Diketahui bahwa Toraja terkenal akan budayanya yang beragam, yang dimana di dalamnya masih terdapat tradisi/ritual yang masih dibawa sampai sekarang seperti, Ma’badong, Ma’ondo, Ma’nene’, Sisemba’, Ma’parampo dan masih banyak tradisi lainnya.
Tapi tahukah kamu, ada satu tradisi yang bahkan masyarakat Toraja masih banyak yang tidak mengetahuinya.
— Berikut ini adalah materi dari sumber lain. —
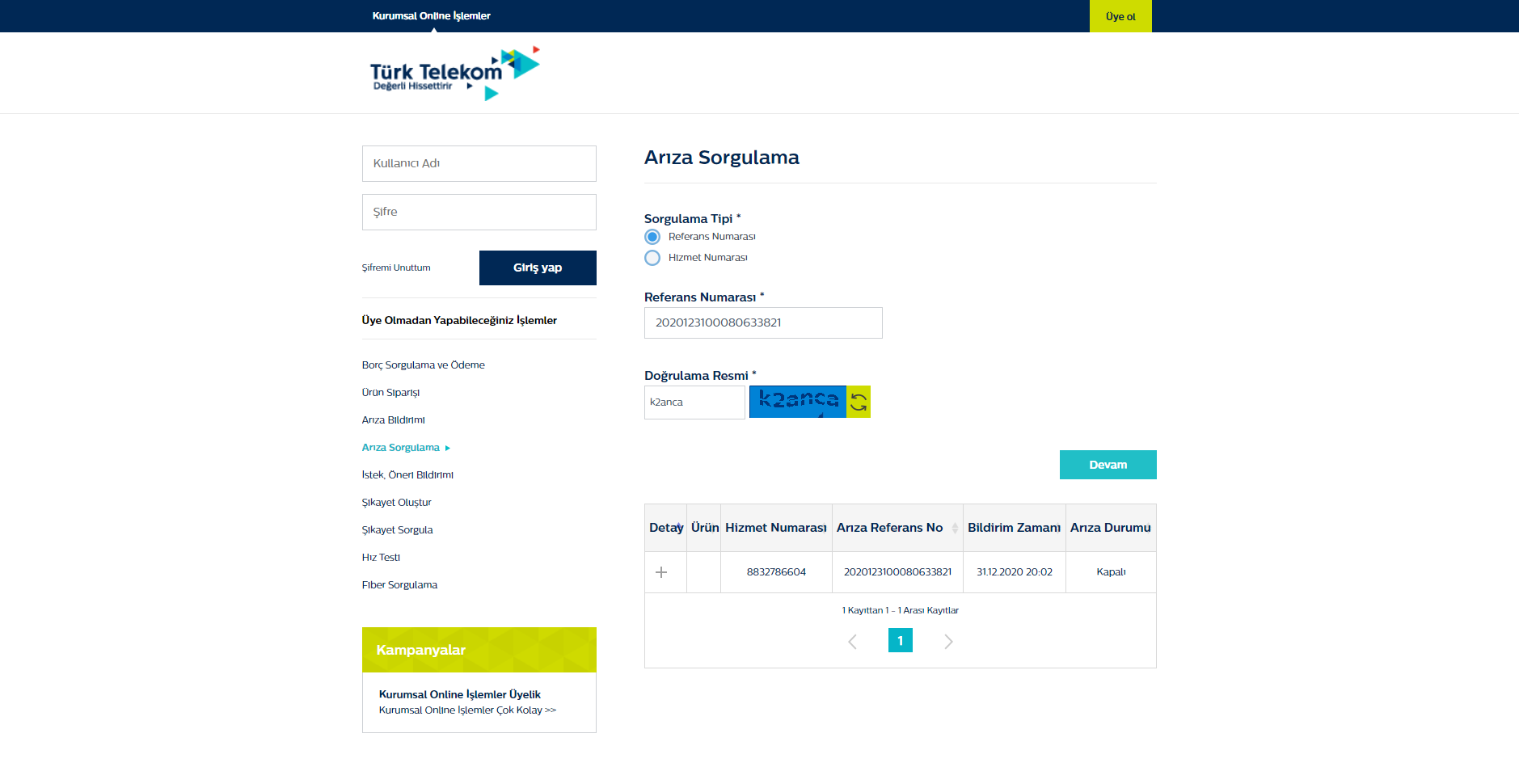 Hocam kontrol ettim arıza durumu kapalı diyor. Belli ki gelip bakmadan kapatmışlar. Böyle sorumsuz bir ISS işte bu Türk Telekom. Bende de aynısını yaşattılar 1 ay sonra gelip düzelttiler. Bölgenizde ki santraldeki adamlara bağlı bu durum. Bir daha destek talebi açın tekrar saha ekiplerine bildiricekler. Düzgün bir elemana denk gelip kontrol sağlanırsa sorununuz çözülür. Eğer süreci hızlandırmak istiyorsanız bölgenizdeki TT santraline gidin biraz sinirli bir şekilde belirtin durumu en geç ertesi gün gelirler kontrole.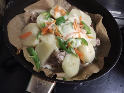 材料   ・じゃがいも🥔 中~大 2個 ・片栗粉  大 1.5 ・米粉   大 1.5   (米粉の代わりに小麦粉でも ...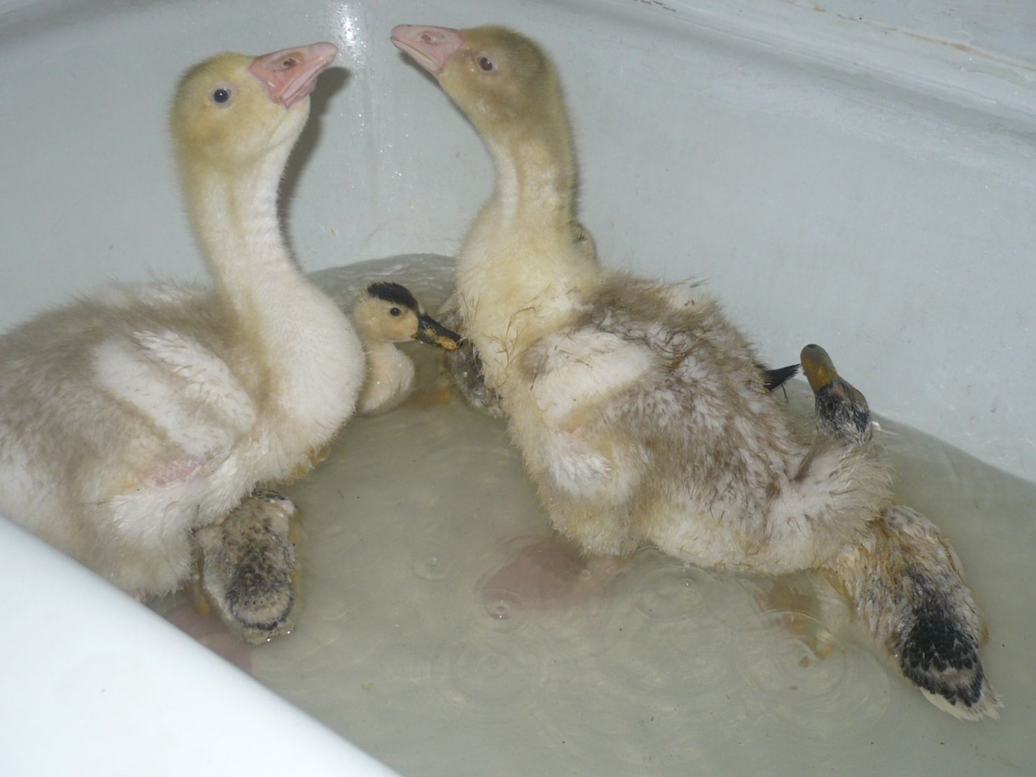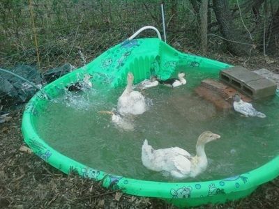 Ha, gotta tell ya'll a story. Had a little 3 lb Spanish Game hen that I gave 3 goose eggs to when she went broody. Only one hatched. They were White Chinese. The gosling was huge at birth, but mom and baby loved each other. As is my practice, she hatched him in a 30 inch square maternity pen, up off the ground. All was well. Baby doubled in size weekly and soon was the size of mom. Being a waterfowl, he made an awfull mess in that small space. I decided to move them to one of my regular pens and see how it went. My pens are 4 X 5 X 4 high and constructed using 2 X 4 welded wire. Of course being a standard pen for gamefowl, it also had a roost. Junior was as big as mamma and in her eyes, there was no reason why this huge baby shouldn't be able to roost. Well, baby was huge, but his wings were tiny and as yet unfeathered. No roosting for him, even if he was inclined to, which he was not. He made so much racket that I became concerned about him attracting predators. Sooo, I put them back in the maternity pen and the resulting show of affection brought a tear to my eye. He was quiet and cuddled with mom like he had missed her for a week. For a couple weeks afterward I moved them from maternity pen to the larger pen. Finally I put her back with a cock and turned him loose with the other geese. They welcomed him as geese are extremely social and family oriented, but he would have none of that. He was a chicken and nobody was gonna convince him otherwize. Probably took about 3 weeks for him to appricieate the company of geese. Ya gotta love'm............Pop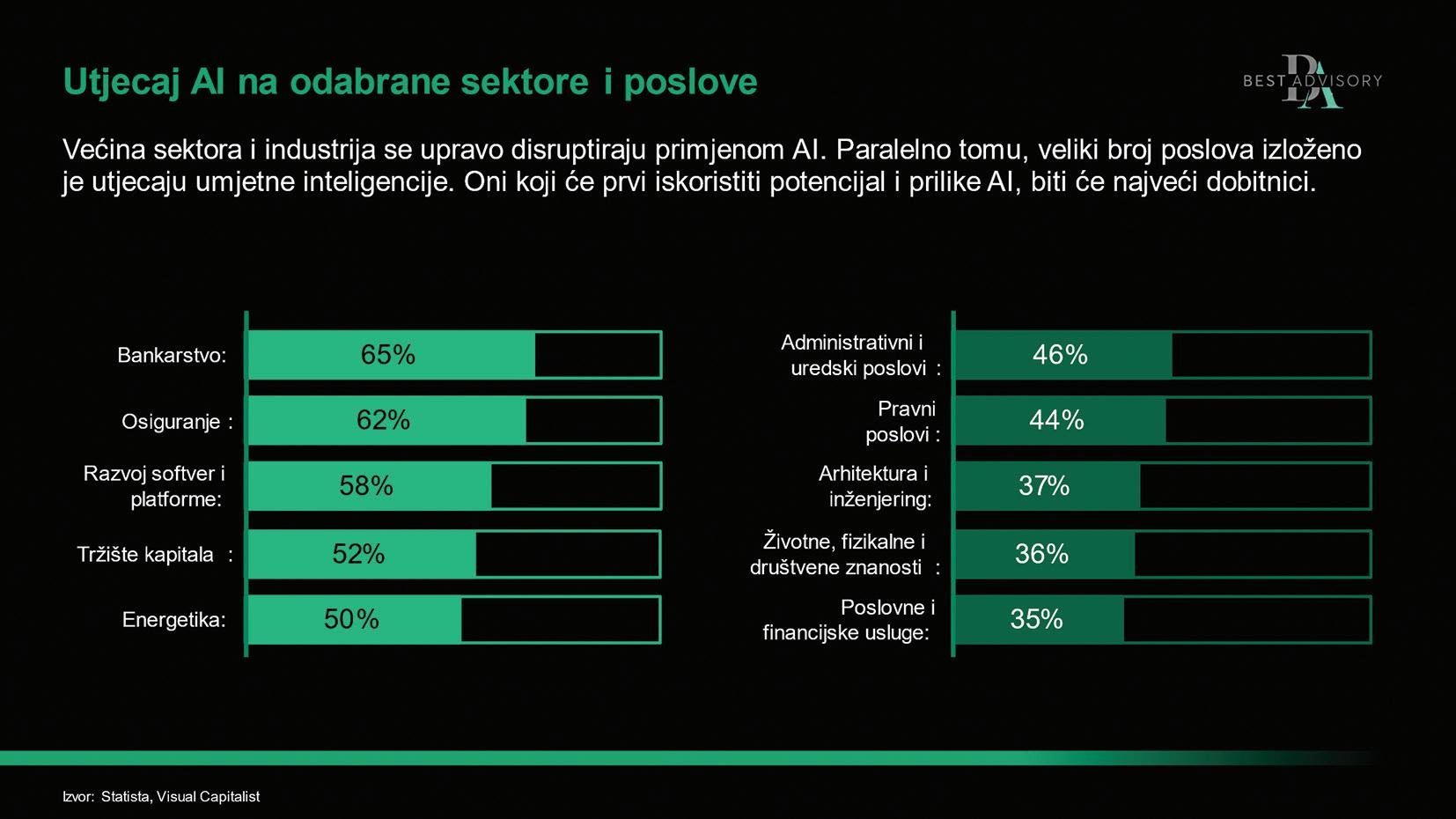 Hrvatska poduzeća sve više koriste AI za optimizaciju poslovnih procesa, od prediktivne analitike u financijama i marketingu do pametnih sustava u proizvodnji. Sektor turizma, ključan za Hrvatsku, također počinje koristiti AI za personalizaciju korisničkog iskustva, analizu podataka i optimizaciju usluga.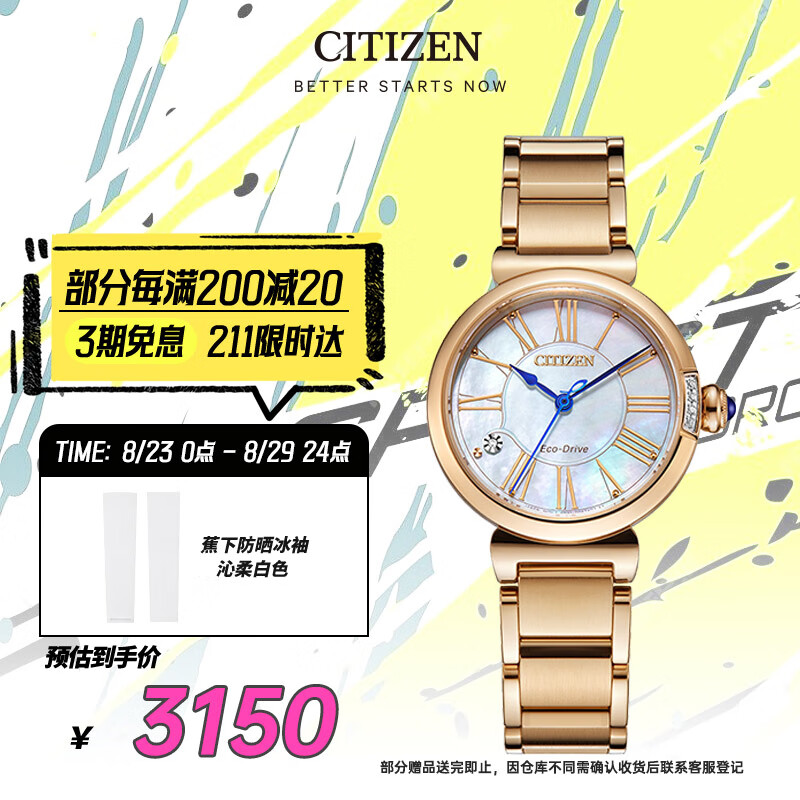 西铁城(CITIZEN)手表女日韩表小铃花光动能贝母盘钢带时尚送礼物EM1063-89D价格:3500.00元!

Penyebab tradisi yang satu ini jarang diketahui oleh orang banyak dikarenakan hanya orang tertentu saja yang dapat melakukannya.
Ritual ini dilaksanakan jika yang meninggal masih menganut paham Aluk Todolo atau Alukta (kepercayaan asli suku Toraja) dan diupacarakan sesuai dengan ritual asli Aluk Todolo, selama ritual berlangsung Keluarga tidak diperbolehkan makan nasi (maro’) dan hanya mengkonsumsi buah yang direbus seperti pisang dan ubi kayu dan sudah beranak cucu dua turunan.
Prosesi Ma’parando dilakukan dengan cara anak maupun cucu mengelilingi rumah tongkonan Toraja tempat jenasah sebanyak 3 kali dengan membawa api atau obor.
Pada malam terakhir sebelum jenazah dikuburkan diadakan persiapan untuk satu acara khusus yang disebut acara Ma’parando, dimana semua cucu almarhum yang sudah gadis, diarak pada malam hari, duduk diatas bahu laki-laki dengan perhiasan semacam pakaian penari yang terdiri dari perhiasan emas, goyang dan kandaure.
Mereka dibawa keliling rumah tiga kali tempat jenasah berada dengan memakai obor. Ritual ini akan berlangsung selama lima malam. Seluruh anggota keluarga berpantang tidak makan nasi selama ritual berlangsung. Tujuannya agar arwah dari jenasah diterima disini tuhan.
Penyebab lain tradisi ini jarang terekspose ke publik dikarenakan sudah jarang dari penduduk masyarakat Toraja yang masih memeluk agama asli Toraja serta memiliki cucu dua lapis yang dimana kebanyakan masyarakat Toraja sudah didominasi oleh agama Kristen dan Islam.
Oleh karena itu, pantas saja jika banyak orang yang tidak mengenal tradisi yang satu ini karena memang tidak sembarang dilakukan dan hanya berlaku pada penganut agama asli Toraja.